Il y a des solutions pour le centre-ville de Saint-Jérôme, mais… – souper confiné – jour 41, le 12 mai 2020

J’ai fait hier un portrait de la situation de Saint-Jérôme et de son centre-ville. Je me risque aujourd’hui à mettre de l’avant des solutions.

Les solutions, malgré les croyances de plusieurs, sont simples. Attention! Je n’ai pas dit qu’elles sont faciles, ni qu’elles ne rencontreront pas d’opposition, ni qu’elles ne bouleversent pas des idées reçues.

Mais comme c’est souvent le cas, le «dossier» n’est pas si complexe, à moins de trop écouter la panoplie habituelle d’experts qui, dans bien des cas malheureusement, gagnent leur vie à compliquer les choses simples. Je m’excuse d’avance auprès de tous les professionnels qui gagnent leur vie en simplifiant les choses. Ainsi, personne ne se sentira visé.

Un centre-ville a besoin d’être habité

La principale lacune du centre-ville, personne n’a réussi à la corriger depuis des décennies. Au contraire, on l’a encouragée avec énergie. Un centre-ville en santé a besoin d’être habité, pas visité. Habité, avec un grand H.

Présentement, le centre-ville est visité du lundi au vendredi, durant les heures de bureau ou de classe. Il est parfois visité le temps d’un événement spécial, d’un festival ou d’un spectacle, comme la Ville et d’autres en organisent occasionnellement, mais il se vide tout de suite après.

Quant tout le monde embarque dans son char et retourne dans son bungalow, on n’a plus de ville.

Pour être en santé, le centre-ville doit aussi accueillir une population mixte, c’est-à-dire des gens de tous les âges et de toutes les conditions économiques. Présentement, le principal facteur qui fait que quelqu’un s’installe au centre-ville c’est la disponibilité de logements à bas prix, subventionnés ou pas.

Pour briser le cercle, il faut une stratégie agressive. Il faut un aménagement de qualité. Il faut un environnement attrayant pour les résidents. Et il faut mobiliser tous les acteurs de l’économie régionale.

Un aménagement de qualité

Sur ce plan, certaines solutions prometteuses à long terme sont déjà en cours. Le développement du Cégep de Saint-Jérôme et celui de l’UQO, la construction du Théâtre Gilles-Vigneault sont des moteurs exceptionnels pour augmenter l’achalandage au centre-ville. Tout comme la présence de la gare intermodale, ils contribuent à en améliorer l’attractivité. 

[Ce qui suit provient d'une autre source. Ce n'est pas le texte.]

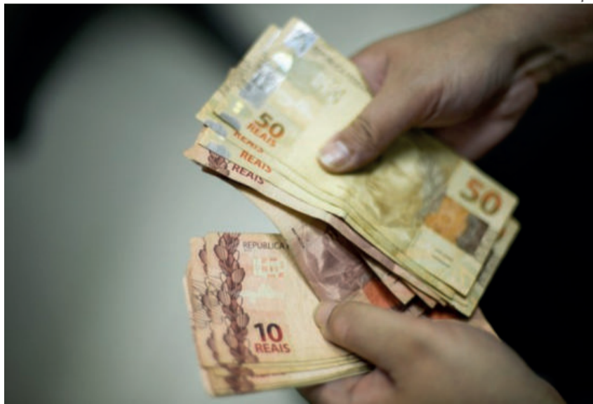
Valores são para repor perdas de arrecadação
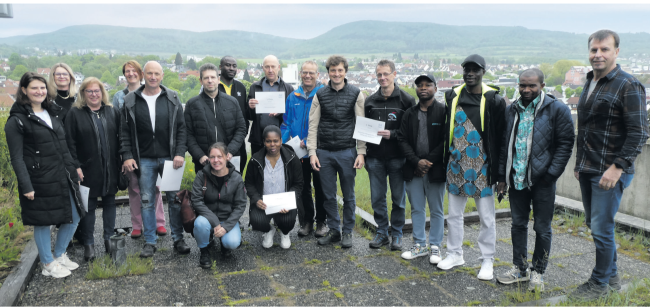
Die Sieger*innen der diesjährigen Flurputzete können sich über verschiedene Preise freuen.
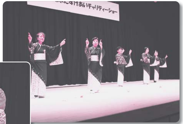
16：比之宮舞踊教室【舞踊】
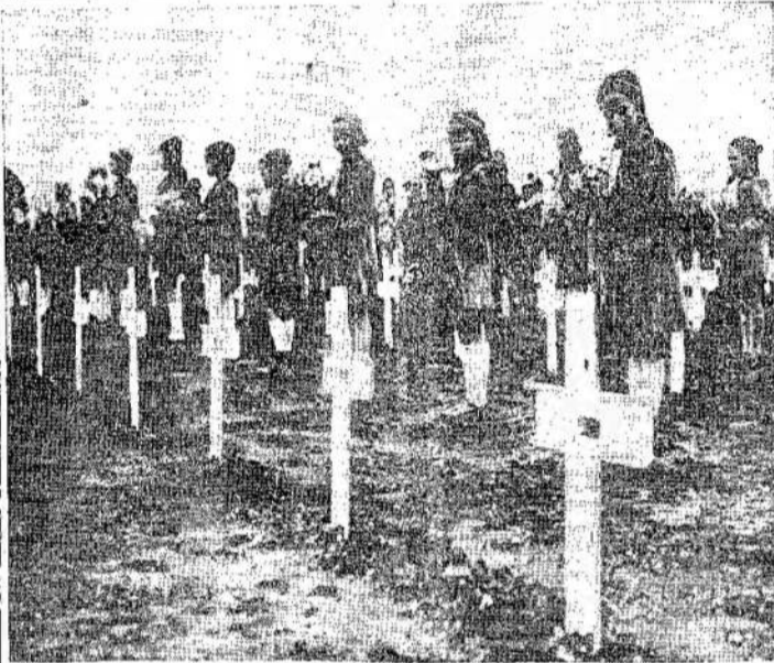
Olandijos vaikučiai ant kanadiečių kapų VE-Day minėjimo dieną. 2,500 kanadiečių guli Nijmegen kapinėse. Olandai atiduoda jiems pagarbą, nes jie padėjo išlaisvinti jų tėvynę. Kanadiečių kapų randasi daugelyje Europos vietų. 41,000 kanadiečių atidavė gyvybes, kad apginti pasaulį nuo fašizmo. Bet fašizmas vėl kyla.
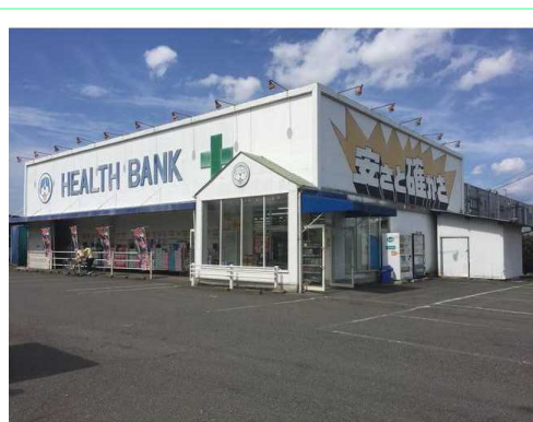
ヘルスバンク千秋店
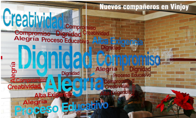
Nuevos compañeros en Vinjoy

De plus, les initiatives de mise en valeur du centre-ville, notamment la réfection du Parc Labelle et les aménagements en cours en bordure de la rivière, sont positives à long terme, mais il faut souhaiter les voir mieux soutenues dans l’avenir.

Car il y a des ratés dans la machine. Stéphane Maher, qui aime bien les acronymes anglais, aime bien dire que la gare intermodale constitue un exemple de TOD ( un transit-oriented development ) mais il manque un morceau important de l’équation. Orienter le développement vers le transport, c’est mettre en place des quartiers durables autour des points d’accès du transport en commun. Or le seul «quartier» créé par la Ville, le Quartier 50+, est un autre de ces endroits qui deviennent des déserts quand tout le monde s’en va. La gare du train de banlieue, qui se voulait un autre moteur de développement, est elle aussi déserte en dehors des heures de pointe.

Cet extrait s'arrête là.